Kohli’s handshake snub of Travis Head sparks IPL heat between RCB and SRH

A fresh flare-up in the India-Australia cricket psyche bubbled up in the IPL when Royal Challengers Bengaluru took on Sunrisers Hyderabad. During the post-match handshake, Virat Kohli appeared to deliberately ignore Travis Head, turning a routine moment into a talking point. On the field, barbs were traded and the usual sledges made the rounds, but the handshake snub provided the flashpoint.

Quick facts

  • Kohli and Head sparked a heated moment during RCB vs SRH, highlighted by Kohli ignoring Head during the handshake.
  • Gavaskar later compared the incident’s intensity to the earlier India-Australia “walk-off” episode at the 1981 MCG Test.
  • Sunil Gavaskar said nothing similar happened and that the details of the Kohli-Head moment must be understood from the players themselves.
  • Gavaskar linked his own 1981 anger not to an umpiring error, but to the aggressive reaction from certain Australian players, led by Dennis Lillee.
  • India ultimately won the 1981 Test on Australian soil, with Kapil Dev taking a famous five-wicket haul; Gavaskar was captain, while Allan Border later became Australia’s captain.

Kohli has been involved in fiery exchanges with Australian players both on the field and in the crowd, but the deeper tension between the two cricketing nations stretches much further back. It traces to the infamous “walk-off” incident at the 1981 MCG Test, when an incensed Sunil Gavaskar nearly pulled his team out of the contest after being furious with the Australians in the wake of an LBW call that went against him.

Gavaskar and Border revisit 1981

In a fresh revisit of that chapter, Gavaskar reunited with former Australia captain Allan Border on the Midwicket Stories talk-show. The duo discussed what unfolded during that afternoon at the MCG and reflected on how quickly emotions can take over when competitive instincts collide with controversy.

When asked to respond to the Kohli-Head incident in the shadow of the 1981 episode, Gavaskar played down any direct comparison. Speaking to reporters afterwards, he suggested the situation was not on the same level and that the full context of what was said and done would be best known by those involved.

“Nothing similar happened, nowhere to be compared. You will have to ask both of them what happened,” Gavaskar said. His point underscored how public moments can look similar from the outside, while the underlying circumstances may be very different.

“Anybody can snap…”

Gavaskar also offered his broader view on the nature of heated contests. In the heat of the moment, he argued, tempers flare and players can “snap” before cooler heads prevail.

He added that during his era there were no stump microphones, meaning the world never got an audio window into what was said between players. Now, with stump mics and other broadcast technologies, more of the raw interaction reaches spectators quickly, intensifying scrutiny around on-field confrontations.

“In the heat of the moment things happen, anybody can snap. During our time there weren’t stump mics, so nothing went out. But with stump mics you can hear what goes on.
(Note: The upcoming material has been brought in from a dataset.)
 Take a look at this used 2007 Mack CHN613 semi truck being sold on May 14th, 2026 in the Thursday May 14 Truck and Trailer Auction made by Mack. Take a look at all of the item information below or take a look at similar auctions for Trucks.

At the end of the day, when you play for your country, you give just about everything, lood, sweat toil, and tears,” Gavaskar said.
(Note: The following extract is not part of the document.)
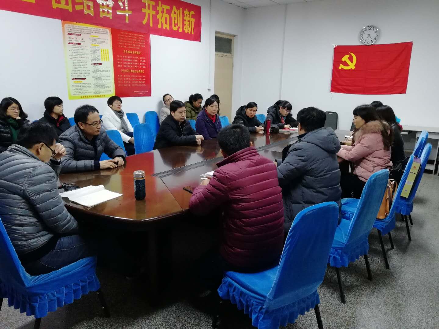 在认真学习和领会解读的基础上,全体党员畅所欲言,谈体会、述思想、表决心。各个心情激动、精神鼓舞,充满激情。大家一致认为,19大报告大气磅礴,举旗定向,思想深邃,催人奋进,体现了大国情怀、大国担当和大国自信。我们一定要响应党的号召,不忘初心,牢记使命,高举中国特色社会主义伟大旗帜,决胜全面建成小康社会,夺取新时代中国特色社会主义伟大胜利,为实现中华民族伟大复兴的中国梦不懈奋斗。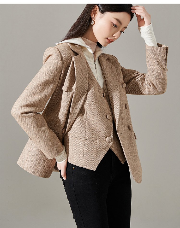 剩XL【芳外】绵羊毛外套马甲两件套8T23DG1409

That conversation with Border became a return trip to the specifics of 1981. Gavaskar reiterated that his anger at the time was not rooted in the belief that the decision was wrong—he maintained he had an inside edge onto his pad. Instead, he pointed to the way certain Australian players responded at the end of a 165-run opening partnership with Chetan Chauhan, with Dennis Lillee leading the escalation in aggression.

Gavaskar explained that what took place eventually reached the public only after a delay, but modern platforms have shortened that gap. “Everything goes to the public domain a lot sooner… the clip that you saw of 1981, there have been videos of the 1981 incident, but two people in AB and me talking about it, that’s probably the first time where people got to know what happened, so it’s taken that long,” he said, before adding that social media now makes such incidents surface far more immediately.

“But now thanks to social media, it’s probably a lot more immediate in how it will come through,” Gavaskar added.

Still, the final outcome of that 1981 match belonged to India. The visitors clinched their third Test win on Australian soil, powered by Kapil Dev’s legendary five-wicket haul. Gavaskar captained the side in that game, while Allan Border would later take charge for Australia, beginning a line of combative leaders that would come to define the team’s edge Down Under.